Ева почувствовала, что все это начинает ее раздра­жать.

– Насколько мне известно, вы имели доступ к бута­форскому ножу. И достаточно времени, чтобы подме­нить его на настоящий.

– В общем-то, да. Это мысль! – Артист несколько раз моргнул, словно переваривая новую для себя ин­формацию. – Так значит, я – подозреваемый? Как интересно! Я-то видел себя исключительно в роли сви­детеля. Что ж, действительно, у меня была такая воз­можность, но зато не было мотива.

– Только что вы заявили, что ненавидели Ричарда Драко.

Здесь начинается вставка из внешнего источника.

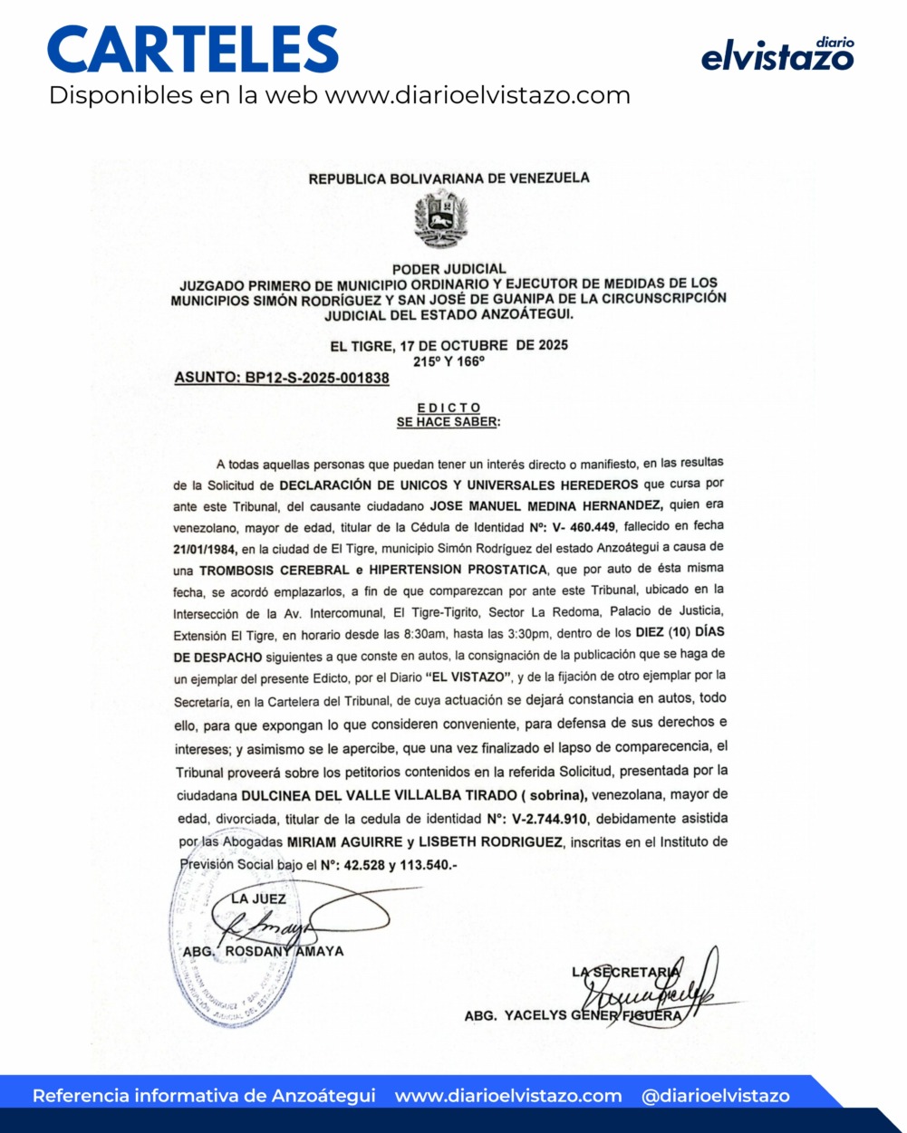 El Tribunal Primero de Municipio Ordinario y Ejecutor de Medidas de los Municipios Simón Rodríguez y San José de Guanipa de la Circunscripción Judicial del estado Anzoátegui, dirigido por la jueza Abg. Rosdany Amaya, emitió un Edicto de fecha 17 de octubre de 2025, en atención a todas aquellas personas que puedan tener un interés directo o manifiesto en las resultas de la solicitud de Declaración de Únicos y Universales Herederos que cursa por ante este tribunal, del causante ciudadano José Manuel Medina Hernández, quien era venezolano, mayor de edad, cédula de identidad 460.449, fallecido en fecha 21/01/1984 a causa de Trombosis Cerebral e Hipertensión Prostática.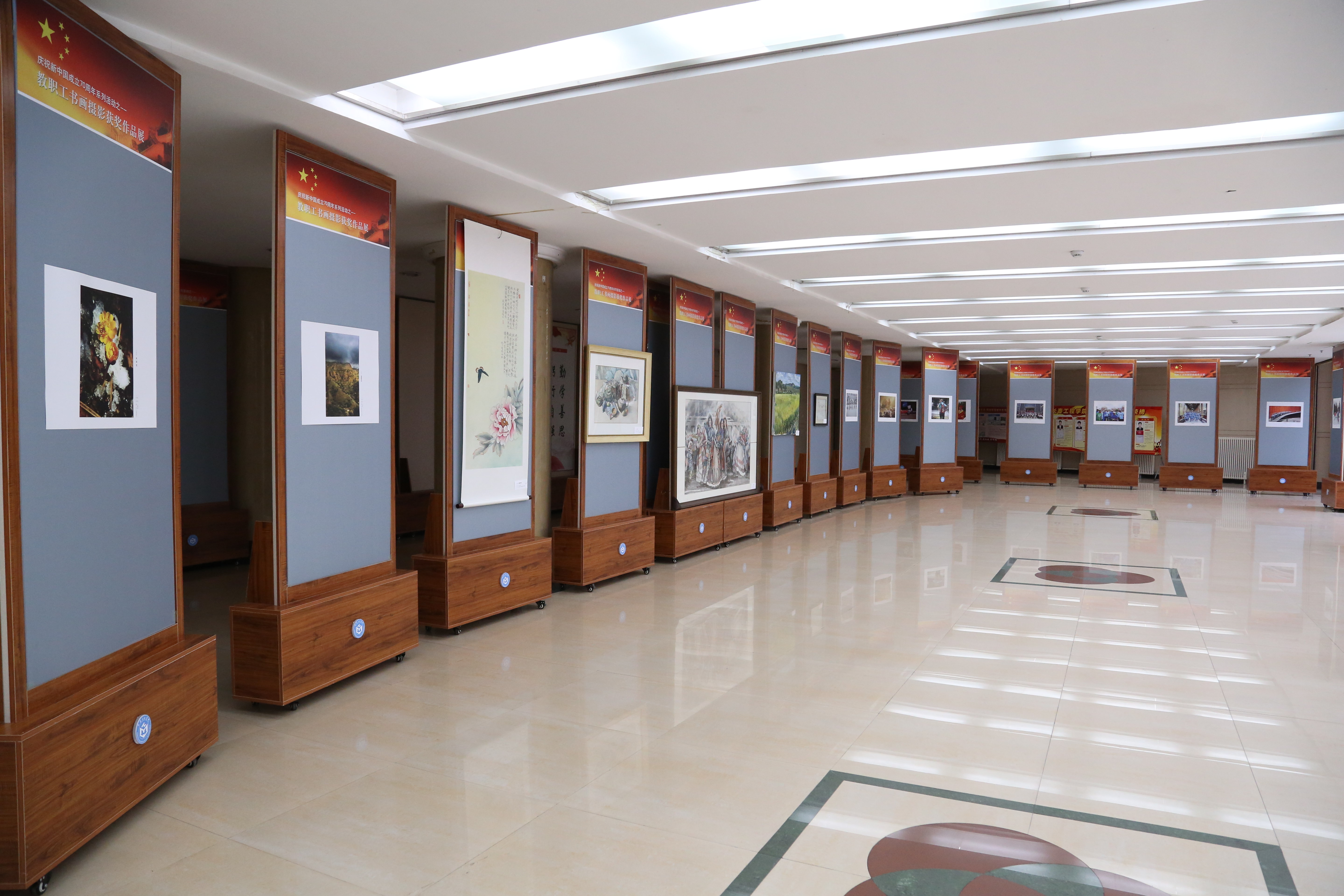 为庆祝中华人民共和国成立70周年,由压球手机在线官网党委宣传部主办,校工会、妇委会承办的庆祝新中国成立70周年教职工书画摄影展在第七教学楼一楼大厅展出。展览吸引了许多师生驻足观看。

– О, дорогой лейтенант, если бы я убивал всякого, кого ненавижу, сцена была бы завалена трупами! Кроме того, как бы велика ни была моя ненависть к Ричарду Драко, мое восхищение его талантом было еще больше. Он был великим артистом, и только по этой причине я согласился снова с ним работать. Возможно, мир изба­вился от ничтожнейшего человечишки, но зато театр потерял величайшего из своих сыновей.

– А вы избавились от одного из главных конкурен­тов по сцене, – добавила Ева.

Брови Стайлса поднялись.

– Вот тут вы ошибаетесь. У нас с Ричардом совер­шенно разные амплуа. Я не могу припомнить случая, чтобы мы с ним когда-либо боролись за одну и ту же роль.

Ева кивнула, подумав, что проверить это будет не­сложно, и решила изменить тактику.

– Какие отношения связывают вас с Айрин Ман­сфилд?

– Она мой друг. Я восхищаюсь ею – и как женщи­ной, и как партнером. – Он опустил глаза и покачал го­ловой. – Наша профессия дается ей нелегко: она очень ранимая натура. Надеюсь, вы учтете это.

Стайлс снова поднял глаза на Еву. Теперь они по­темнели, и в них плескался гнев.

– Кто-то чудовищным образом использовал ее, уве­ряю вас, лейтенант. Если бы я задумал отправить Ри­чарда Драко на тот свет, я бы сделал это таким образом, чтобы не бросать тень на своих товарищей. Вчера на сцене оказалось сразу две жертвы – Ричард Драко и Айрин Мансфилд, и мое сердце истекает кровью от жа­лости к ней.

-Мошенник! – бормотала Ева, пока лифт спускал их с пятого этажа в вестибюль. – Умный, скользкий, самодовольный… Из всех остальных актеров он – са­мый опытный и знает театр как свои пять пальцев.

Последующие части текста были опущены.